Editoriali
FARSI PAGARE PER FARSI RISPETTARE
La felicità non ha prezzo, dicono i saggi, eppure non costa nulla. Ma se usciamo dal campo dei sentimenti e degli affetti, e dalla dimensione spirituale scendiamo a quella materiale, ci rendiamo conto che tutto ha un costo, e di conseguenza anche un prezzo.
Questo processo logico ci porta a pensare che più il prezzo è elevato, più siamo portati ad associarlo ad un valore effettivo, reale e tangibile.
Ciò che davvero fa la differenza non è, purtroppo, il valore reale, ma quello che gli attribuiamo, in base alle nostre categorie mentali ed alle convenzioni comunemente accettate. Un diamante è prezioso perché tutti sanno che è caro, ma anche perché chi detiene il monopolio mantiene il giusto equilibrio fra la domanda e l’offerta.
Dove invece vige il regime di libera concorrenza, e si parla di beni o servizi, il prezzo è determinato da due fattori, fra loro concorrenti: da quanto costa al fornitore, e da quanto può pagare il cliente.
Un costo che mostra, sul lungo periodo, un andamento crescente, per effetto dello sviluppo tecnologico e sociale, a volte turbato dalle fluttuazioni del costo dell’energia.
Quando macchine e manodopera costavano poco, il costo energetico, per quanto contenuto in valore assoluto, aveva un’incidenza molto elevata sul costo complessivo dei servizi; oggi che la tendenza si è invertita, la bolletta energetica è passata sempre più in secondo piano.
Il vistoso calo del gasolio, di cui le imprese hanno goduto nel 2015, non ha avuto però un riscontro diretto sui costi d’uso delle macchine, per una serie di fattori ai quali non è del tutto estraneo il prelievo fiscale.
Il taglio alle assegnazioni di gasolio agricolo, deciso dal governo Renzi con la legge di stabilità 2015, ha obbligato le imprese ad acquistare prodotto ad accisa piena per circa un quarto del fabbisogno, con un aggravio di circa 13 centesimi al litro. A questo si è aggiunto il trascinamento dovuto all’andamento dei costi delle materie prime registratosi negli anni precedenti, che ha portato ad aumenti nei costi delle macchine, dei materiali di consumo e dei ricambi.

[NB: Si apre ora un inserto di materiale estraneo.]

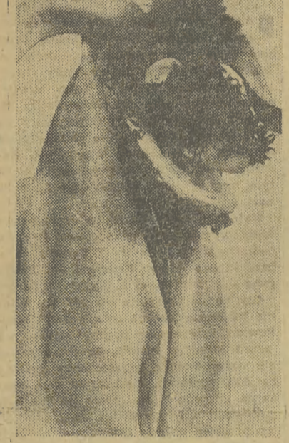
Turoń z Krakowskiego.

Non trascurabile, anche se poco visibile, è stata la compensazione fra le varie voci di costo, favorita dalla diminuzione del costo energetico: chi era rimasto al palo con gli aumenti, ha approfittato dell’occasione.
L’insieme di questi fattori, tutti concorrenti, ha di fatto compensato i circa 30 centesimi al litro della diminuzione del prezzo dei carburanti, anche per effetto della ridotta incidenza del costo energetico su quello totale, che oggi oscilla dal 10 al 25% a seconda della lavorazione.
Non hanno quindi alcun significato le proposte – avanzate lo scorso anno – di diminuire i prezzi dei servizi agromeccanici, in gran parte compensati da altre voci: semmai devono costituire uno stimolo a riflettere sul rapporto fra costi e prezzi, vera chiave di volta della marginalità.
Ogni impresa – per definizione – nasce e si sviluppa al solo scopo di produrre utili: senza margine non c’è impresa, e senza impresa non c’è sviluppo.
In un settore, come quello primario, in cui per anni si è cercato di tenere gli agricoltori lontani dall’analisi dei costi – e la recente proroga degli esoneri contabili ne è un esempio – parlare di profitto può persino sembrare anacronistico.
Eppure le imprese agromeccaniche, mai sfiorate da provvidenze pubbliche significative, hanno saputo progredire, conquistando spazi sempre più ampi, solo facendo utili: utili per remunerare l’immenso capitale investito, per la legittima soddisfazione di avere creato aziende solide e credibili, ma anche per investire sull’innovazione e sul futuro.
Per questo è necessario, ma vorrei dire indispensabile, che ogni impresa faccia valere il proprio ruolo, la propria competenza e professionalità, la propria autorevolezza sul mercato, per sconfiggere gli effetti negativi della concorrenza, quelli che portano alla dismissione e alla rovina.
Solo facendo qualità si può sfuggire alla logica del ribasso, che è prima di tutto svalutazione di sé e del proprio lavoro: se il cliente percepisce il contoterzista come un partner serio, affidabile e sicuro, anche dal punto di vista della solidità finanziaria, il prezzo può essere oggetto di discussione, ma non di imposizione o di monopolio.
Benché la qualità non si faccia solo con le macchine, la capacità di innovare e rinnovare si raggiunge con la disponibilità di capitali e questa, in un periodo di crisi d’identità del sistema creditizio, dipende anche dal capitale proprio dell’impresa.